Алексий удоволенно склоняет голову. О размере выхода речь еще впереди, и будет она вестись уже с другим послом. Важно только, чтобы Мамай понял, чего от него хотят.
— Я передам твои слова хану Аблулле и Мамаю, — говорит посол, думая, что прием подходит к концу.
— Это еще не все! — продолжает Алексий не двигаясь, и посол плотнее усаживается в кресле, ожидая начала торга. Однако русский поп вновь озадачивает его. Он просит совсем об ином. Ему, оказывается, надо, чтобы в грамоте, которую дадут на великое княжение московскому князю, было указано, что город Владимир и вся волость великого княжения являются вотчиною московского князя.
«Вотчина» у русских — это улус, наследственное, родовое владение.

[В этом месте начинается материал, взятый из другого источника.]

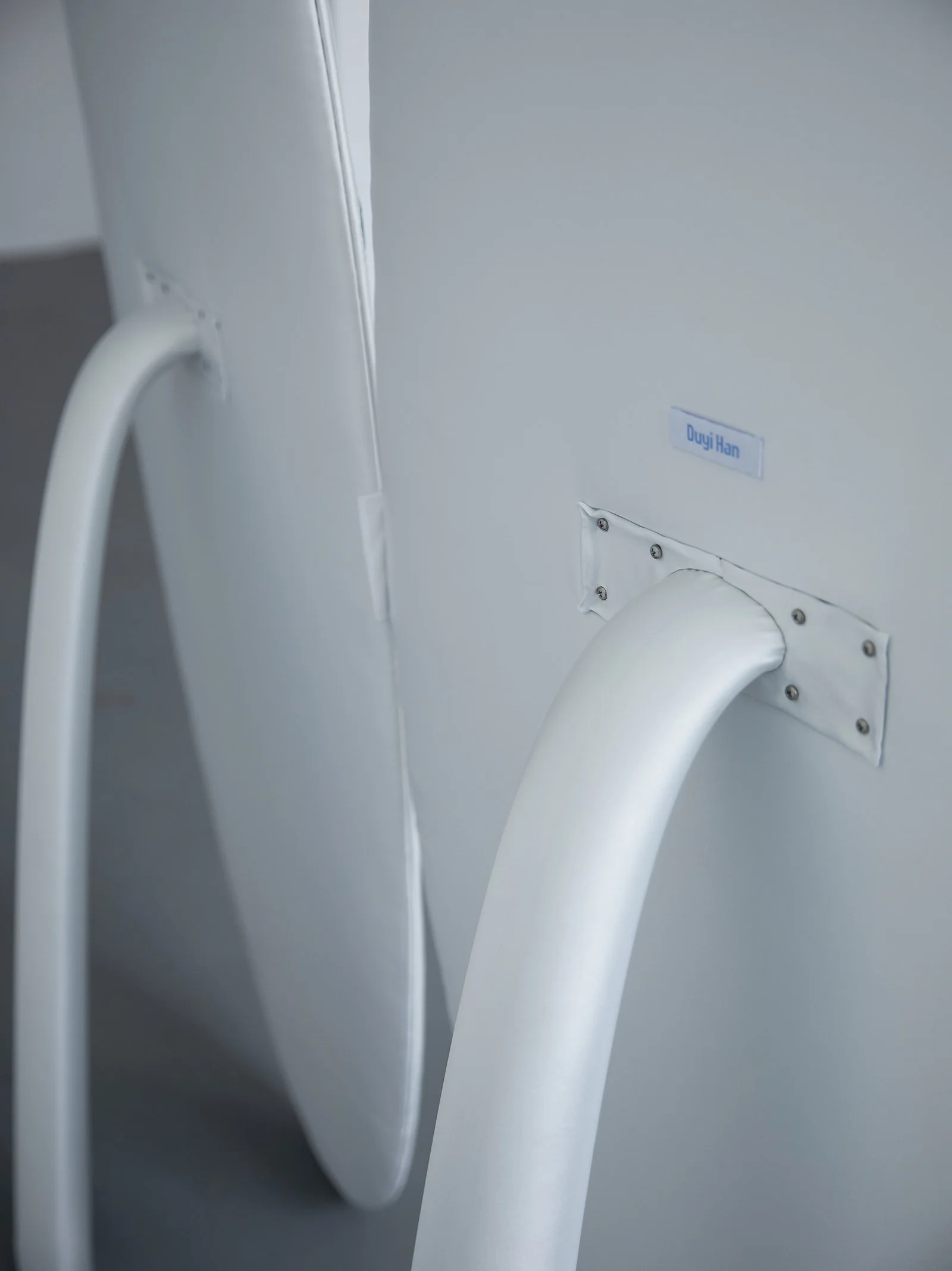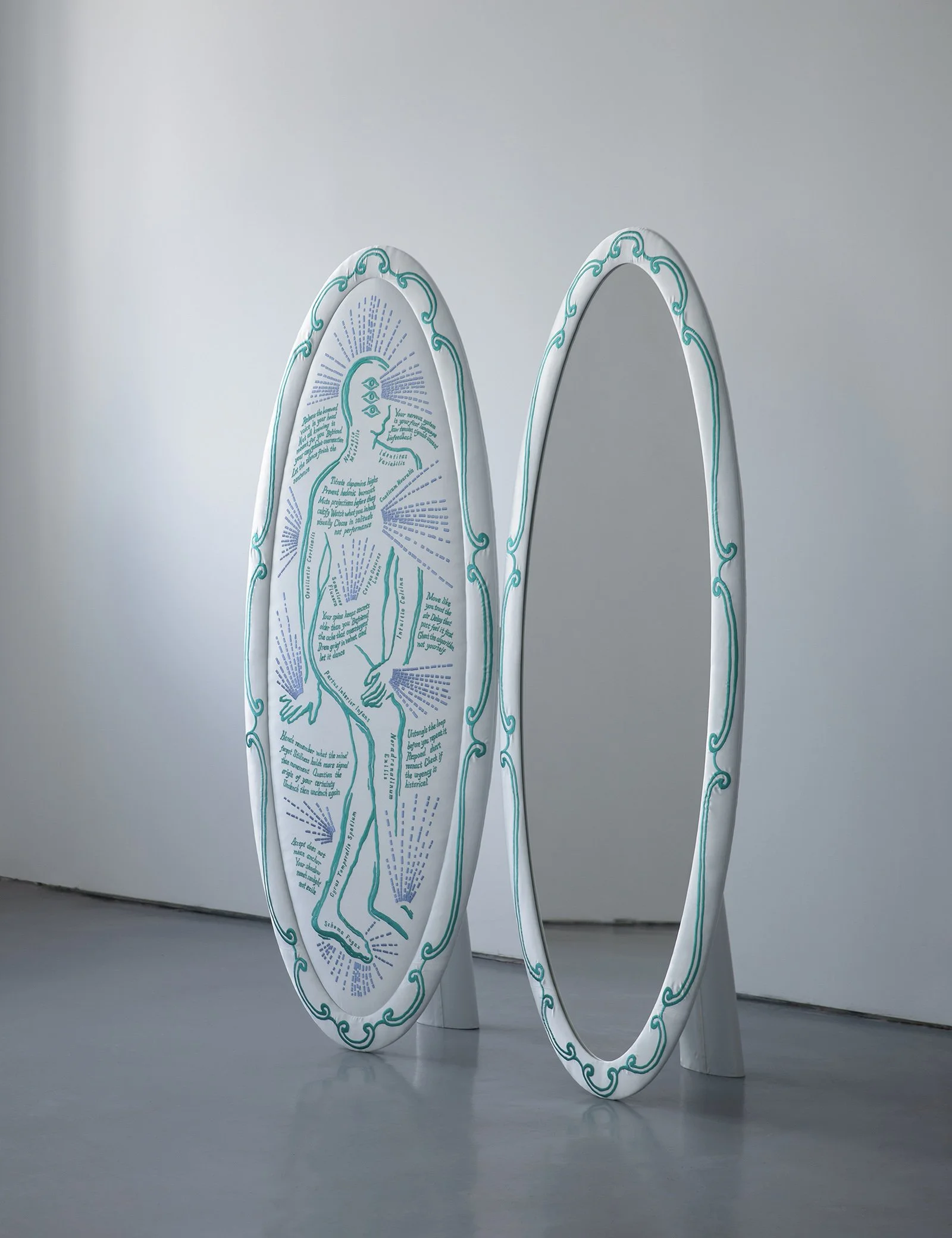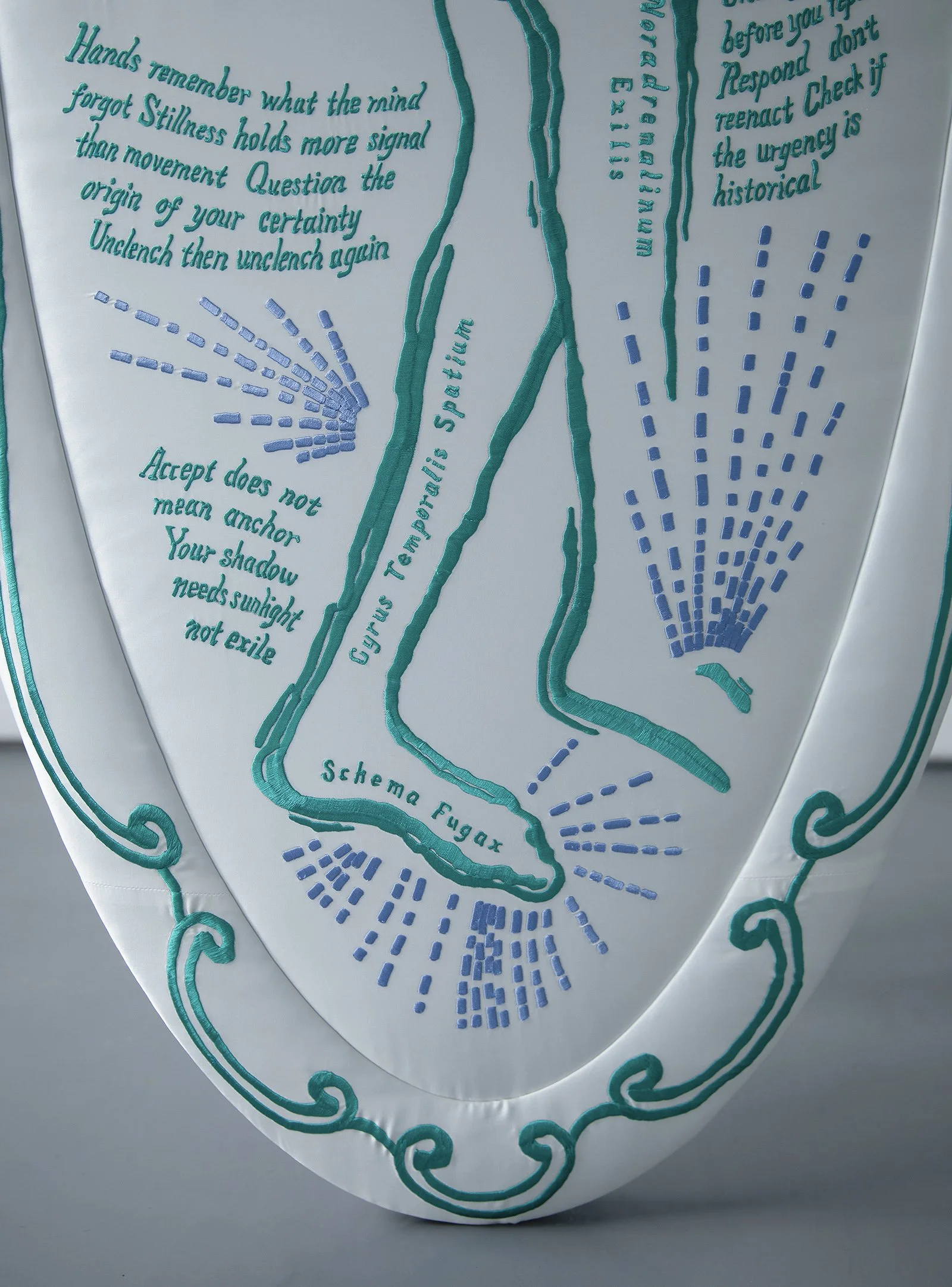 Noetigram v0.9 is a dual-surface instrument that augments the act of self-observation with a psychological dimension. Its design emerged through a recursive process of looking—tracing the visual lineage of anatomical diagrams, occult manuscripts, and contemporary wellness interfaces as systems for mapping the interior. Rooted in the human drive for self-clarity, this process ultimately turned algorithmic as AI produced a series of self-check phrases annotating a life-sized humanoid figure embroidered on cool-white satin with diagrammatic light rays. Inspired by neurobiology, cognitive therapy, and somatic science, each phrase acts as a micro-instruction for inner calibration. One half diagram, one half glass mirror, the work is a surreal-romantic interface for consciousness—inviting viewers to audit their internal structures beside physical reflection.

Московские князья владели великим столом уже три поколения подряд, со дня гибели тверского коназа Александра, и теперь хотят, чтобы это было указано в грамоте. Очень хотят. Это их непременное условие.
— Тогда никакой другой хан не сможет давать ярлыки на великое княжение иным русским князьям, — объясняет Алексий послу, словно маленькому. — Будет один московский князь, и у вас будет один… Мамай. — Имя всесильного темника Алексий произносит чуть помедлив, дабы посол понял, что про ставленного Мамаем хана Абдуллу ему известно решительно все. — И тогда не станет никаких споров здесь, на Руси, и мы сможем собирать выход со всех и давать серебро Орде, Мамаевой Орде! — Он и опять намеренно не называет хана Абдуллу.
Посол слушает, запоминает, кивает головой. Ему кажется последнее требование русского попа справедливым (несправедливым — первое). И таким же покажется оно Мамаю, озабоченному пока лишь тем, как ему одолеть Мурада, и мало дающему чести каким бы то ни было грамотам. Пусть московский князь считает великое княжение своею вотчиной, лишь бы платил дань!
Татар отпускают через два дня, щедро одарив. Каждый из воинов получает новую шубу и сапоги, посол к тому же — связку соболей и серебряный ковш с бирюзою. Татары, вновь собранные вместе, садятся на коней, и скоро их отороченные мехом островерхие шапки исчезают в белом дыму начавшегося снегопада.
И один только Алексий, ведает в этот час, чего он попросил у Мамая и с чем так легко согласился татарский посол.
Ибо волость великого княжения никогда доселе не была и не могла быть вотчиною Москвы.
Ибо доселе власть во Владимирской земле была выборной и, хотя бы в замысле, переходила от роду к роду.
Ибо тем самым отменялся существующий на Руси много веков лествичный порядок наследования и устроялся иной, наследственно-монархический.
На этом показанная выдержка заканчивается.